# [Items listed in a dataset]

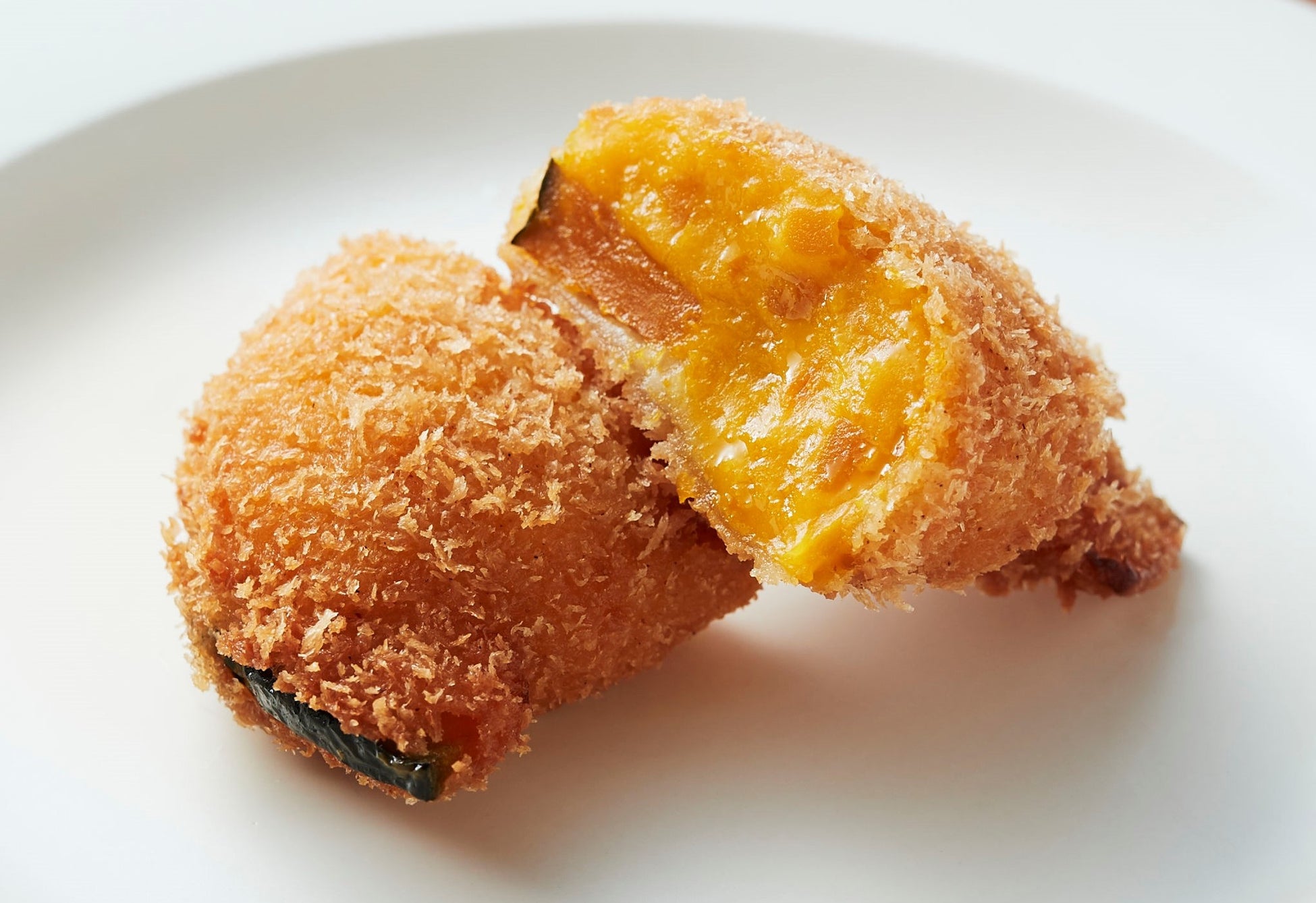 「かぼちゃのクリームコロッケ」は、発売を待ち望むお客様も多いこの時期の人気商品。ホクホクのかぼちゃと甘くてなめらかなクリームがたまらない一品ですが、甘さは控えめに、スイーツではなく食事として召し上がっていただけるよう仕上げています。
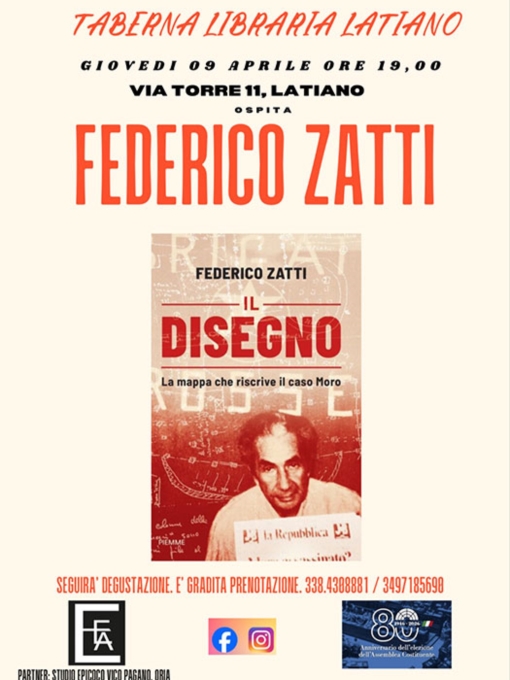 Un nuovo appuntamento della rassegna "Cultura, Spettacolo e..." promossa dalla Taberna Libraria di Latiano, che attraverso una programmazione costante e articolata, continua infatti a proporre occasioni di incontro, confronto e crescita, coinvolgendo autori, lettori e appassionati in un percorso condiviso che valorizza la cultura come strumento di comunità.In questo solco si inserisce il nuovo interessante incontro con l'autore in programma giovedì 9 aprile 2026, alle ore 19, presso la sala eventi della libreria, dove si terrà la presentazione del libro "Il disegno" (Edizioni Piemme) di Federico Zatti.
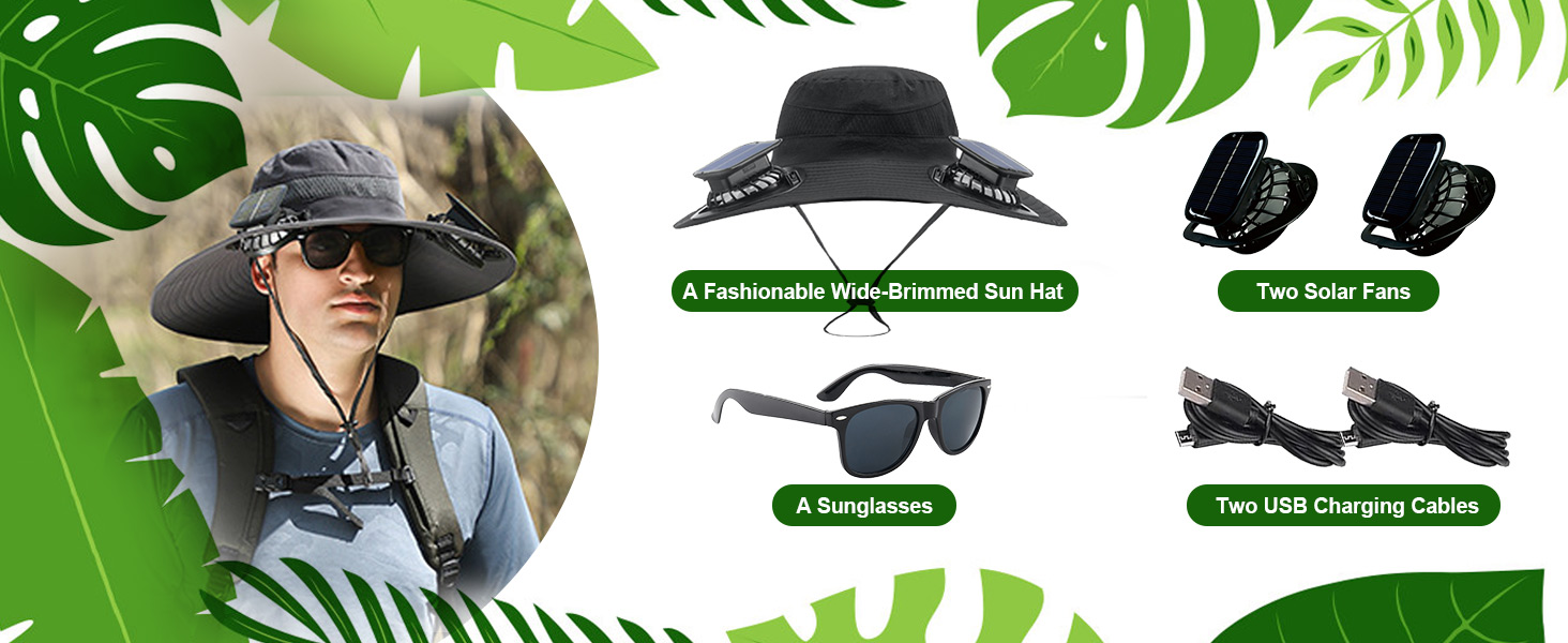 - Wide Brim Hat with Fan: You will get 1 x wide brim sun hat, which is built-in 2 x solar fans, and 2 x USB cables. You can hang the outdoor fishing sun cap around your head and take it everywhere
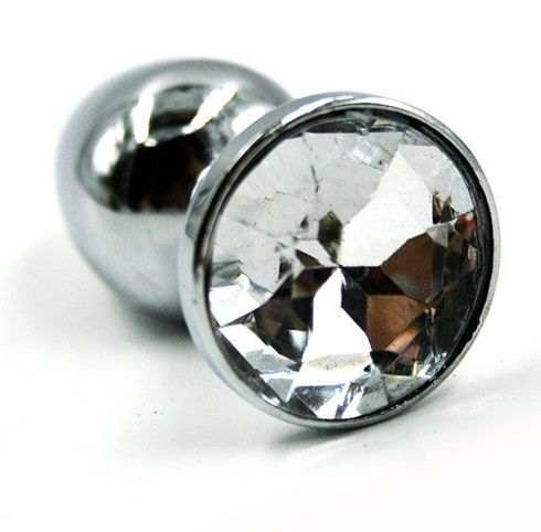 Малая анальная пробка из алюминия с прозрачным кристаллом - 7 см.
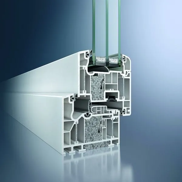 Eine neue Aluminium-Verbund-Technologie erlaubt stabile Profilkonstruktionen aus Kunststoff ohne Stahlarmierung. Das geringe Gewicht kommt v.a. den Monteuren zugute. Dank der neuen Oberflächentechnologie lassen sich die Kunststoffprofile zudem in Metallicfarbtönen ausführen.
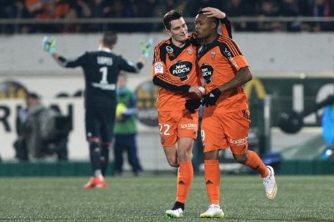 | L'attaquant de Lorient Jordan Ayew (droite) félicité par son coéquipier Benjamin Jeannot après son but contre Lyon, le 15 février au Moustoir. |
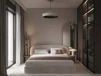 En la primera planta, el apartamento dispone de dos luminosos dormitorios con amplios armarios, mobiliario ergonómico y un diseño minimalista refinado, además de un baño completamente equipado con ducha, lavabo suspendido y espejo redondo.

# [Work task]
Output the records above character for character, but leave each image out.

# [Exercise result]
 「かぼちゃのクリームコロッケ」は、発売を待ち望むお客様も多いこの時期の人気商品。ホクホクのかぼちゃと甘くてなめらかなクリームがたまらない一品ですが、甘さは控えめに、スイーツではなく食事として召し上がっていただけるよう仕上げています。
 Un nuovo appuntamento della rassegna "Cultura, Spettacolo e..." promossa dalla Taberna Libraria di Latiano, che attraverso una programmazione costante e articolata, continua infatti a proporre occasioni di incontro, confronto e crescita, coinvolgendo autori, lettori e appassionati in un percorso condiviso che valorizza la cultura come strumento di comunità.In questo solco si inserisce il nuovo interessante incontro con l'autore in programma giovedì 9 aprile 2026, alle ore 19, presso la sala eventi della libreria, dove si terrà la presentazione del libro "Il disegno" (Edizioni Piemme) di Federico Zatti.
 - Wide Brim Hat with Fan: You will get 1 x wide brim sun hat, which is built-in 2 x solar fans, and 2 x USB cables. You can hang the outdoor fishing sun cap around your head and take it everywhere
 Малая анальная пробка из алюминия с прозрачным кристаллом - 7 см.
 Eine neue Aluminium-Verbund-Technologie erlaubt stabile Profilkonstruktionen aus Kunststoff ohne Stahlarmierung. Das geringe Gewicht kommt v.a. den Monteuren zugute. Dank der neuen Oberflächentechnologie lassen sich die Kunststoffprofile zudem in Metallicfarbtönen ausführen.
 | L'attaquant de Lorient Jordan Ayew (droite) félicité par son coéquipier Benjamin Jeannot après son but contre Lyon, le 15 février au Moustoir. |
 En la primera planta, el apartamento dispone de dos luminosos dormitorios con amplios armarios, mobiliario ergonómico y un diseño minimalista refinado, además de un baño completamente equipado con ducha, lavabo suspendido y espejo redondo.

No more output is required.